BEGIN TASK INPUTS

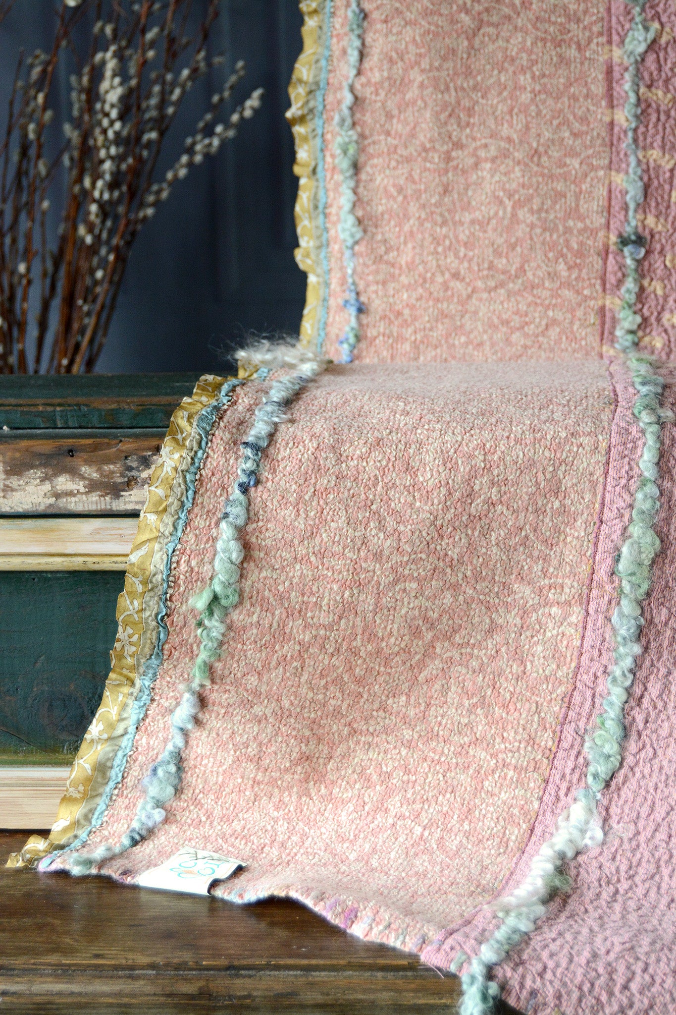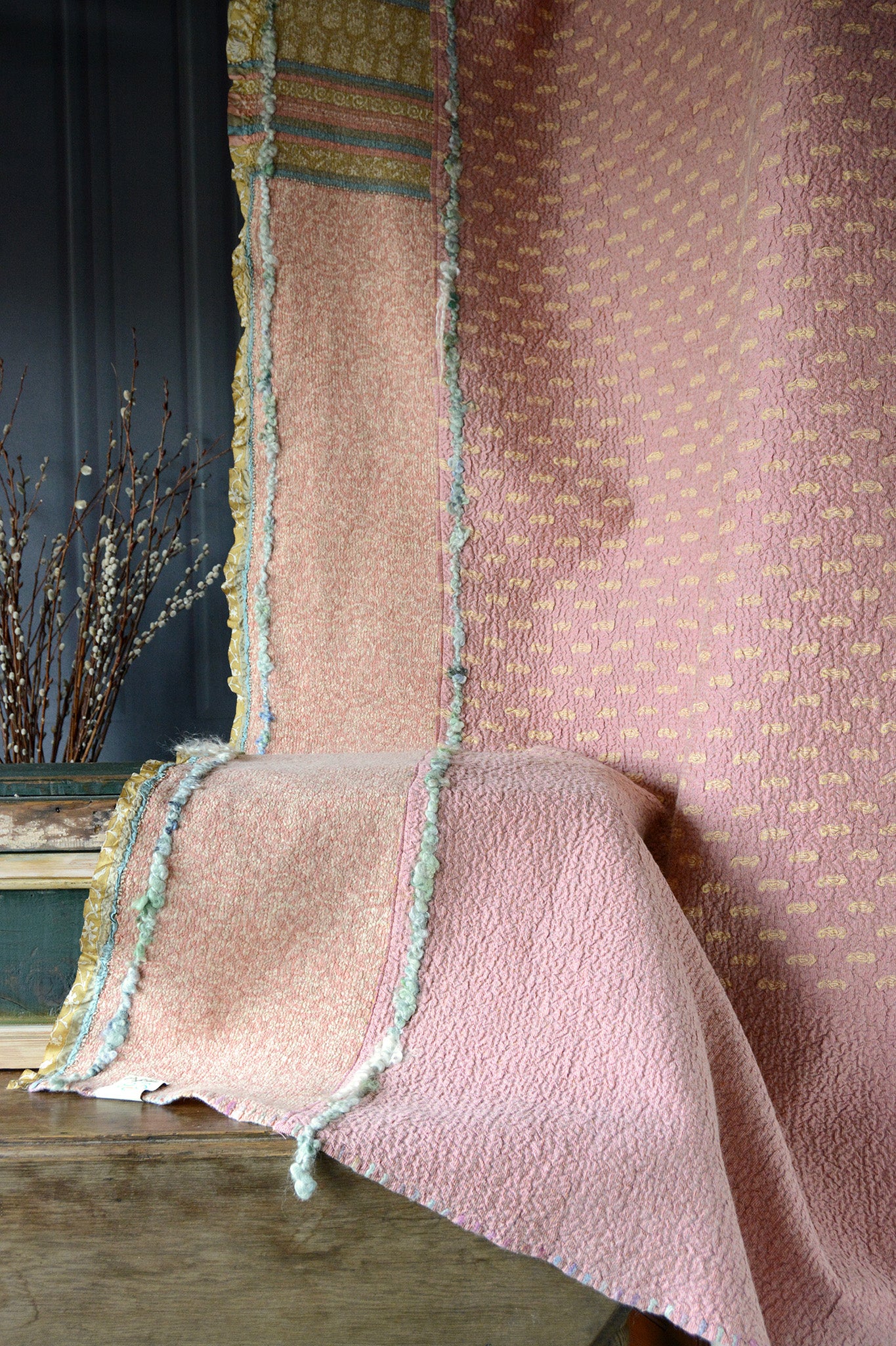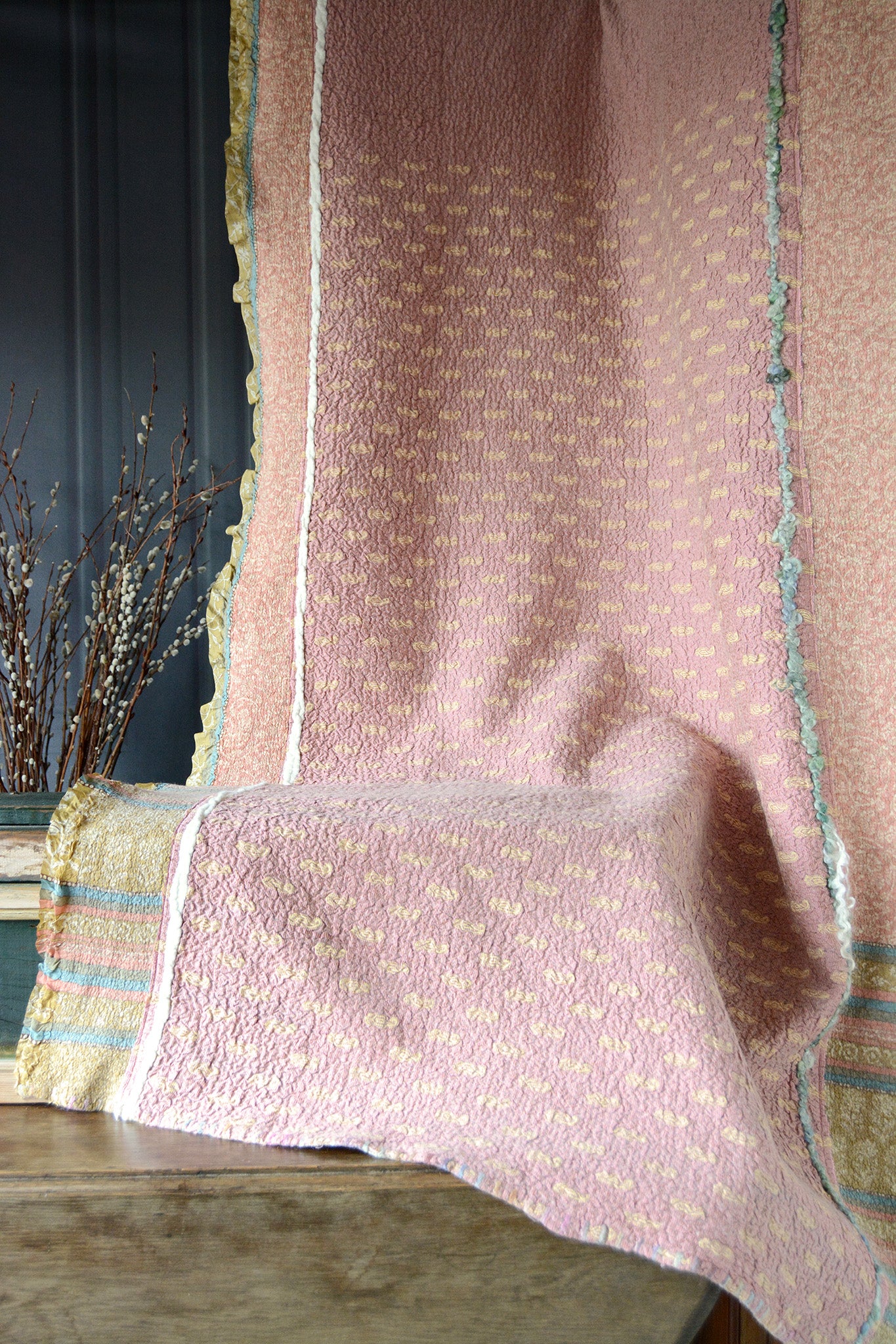 Cosset & Lock Silk and Wool Textiles are made using a unique process of felting to marry together the strength, beauty, and qualities of silk and wool natural fibers. Because I use repurposed sarees, and due to the handmade process, every blanket has unique characteristics and distinctive occurrences.
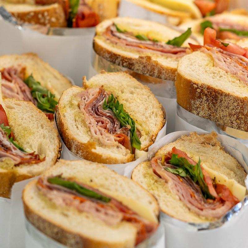 Feeds 4-6 $65.00 | Feeds 8-10 $130.00 • Seeded Italian. Chilled, Assorted Artisan sandwiches: Italian, chicken cutlet and roasted pepper, brie and grilled chicken, roast beef and fresh mozzarella, prosciutto and burrata.
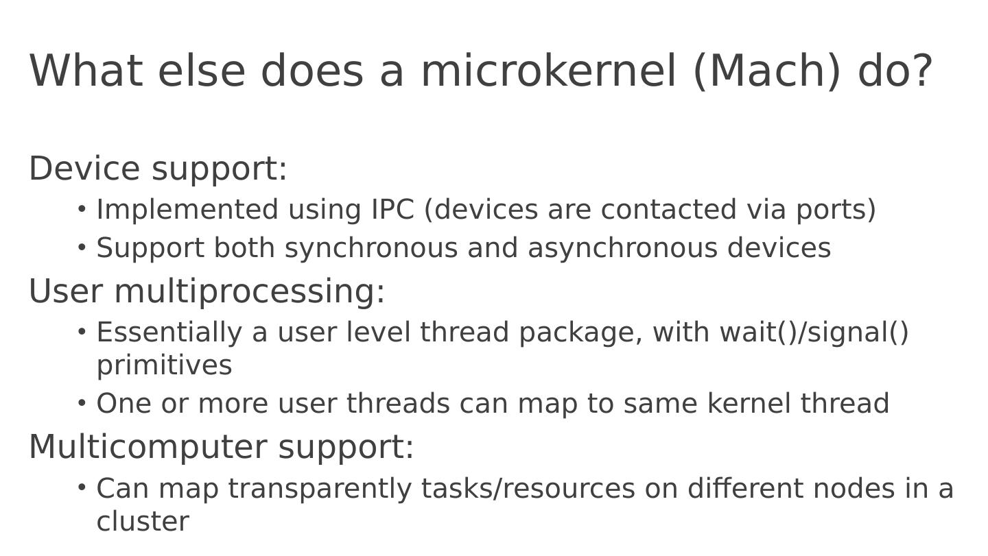 13 .What else does a microkernel (Mach) do ? Device support: Implemented using IPC (devices are contacted via ports) Support both synchronous and asynchronous devices User multiprocessing: Essentially a user level thread package, with wait()/signal() primitives One or more user threads can map to same kernel thread Multicomputer support: Can map transparently tasks/resources on different nodes in a cluster
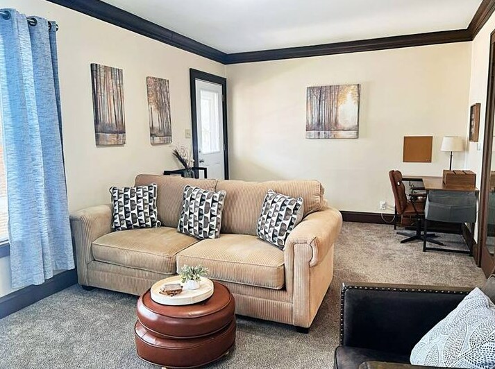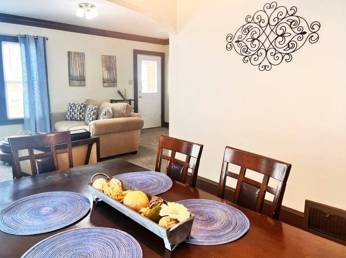 Welcome to Casa de Bell (Lower Unit)—a stylish and spacious 2-bedroom home ideal for midterm stays. Nestled in a peaceful neighborhood in Shawnee, this fully furnished unit is perfect for traveling professionals, medical workers, or anyone in need of a comfortable home-away-from-home. ??? Cozy Living & Workspace Step inside to a warm, inviting living area complete with a plush couch, armchairs, a flat-screen TV, and a functional desk setup for remote work. A small entry nook offers a convenient spot to hang coats or drop your keys. ??? Dining & Fully Equipped Kitchen Enjoy home-cooked meals in the dedicated dining area. The adjacent kitchen features a full suite of appliances including a stove/oven, microwave, refrigerator, and ample cabinetry for storage—everything you need for a seamless stay. ??? Comfortable Bedrooms Bedroom 1: Queen-size bed, dresser, nightstand, and built-in closet Bedroom 2: King-size bed (being finalized), plus an oversized walk-in closet for extra storage ?? Bathroom A clean, well-lit bathroom is centrally located between both bedrooms and includes all basic essentials. ?? Parking & Private Access Guests enjoy private entry through the rear door, secured with a Schlage smart lock for keyless access. The unit includes use of the garage (exclusive to the lower level) plus one driveway parking space. ?? Laundry & Utilities Laundry is located in the basement and includes a Maytag dryer, Whirlpool washer, and access to the furnace, water heater, and air filter area—great for longer-term guests who may need to manage basic maintenance. ?? Prime Location in Shawnee Set in a quiet residential area but just minutes from local shops, restaurants, and highway access, Casa de Bell offers both tranquility and convenience for mid-length stays.
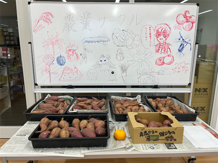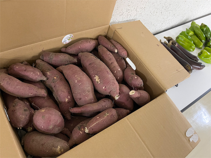 ◆構内圃場で収穫されたさつまいもが事務室前で配布されていたので、ありがたくいただいてきた。立派すぎるさつまいも。一昨日の「農業基礎演習 II」実習で収穫したと担当の先生から聞いた。

END TASK INPUTS

[TASK REQUIREMENTS] Word for word, restate the lines from the first line of the material through the line containing "Feeds 4-6 $65.00", with the pictures left out.

[SOLUTION TO THE EXERCISE]
 Cosset & Lock Silk and Wool Textiles are made using a unique process of felting to marry together the strength, beauty, and qualities of silk and wool natural fibers. Because I use repurposed sarees, and due to the handmade process, every blanket has unique characteristics and distinctive occurrences.
 Feeds 4-6 $65.00 | Feeds 8-10 $130.00 • Seeded Italian. Chilled, Assorted Artisan sandwiches: Italian, chicken cutlet and roasted pepper, brie and grilled chicken, roast beef and fresh mozzarella, prosciutto and burrata.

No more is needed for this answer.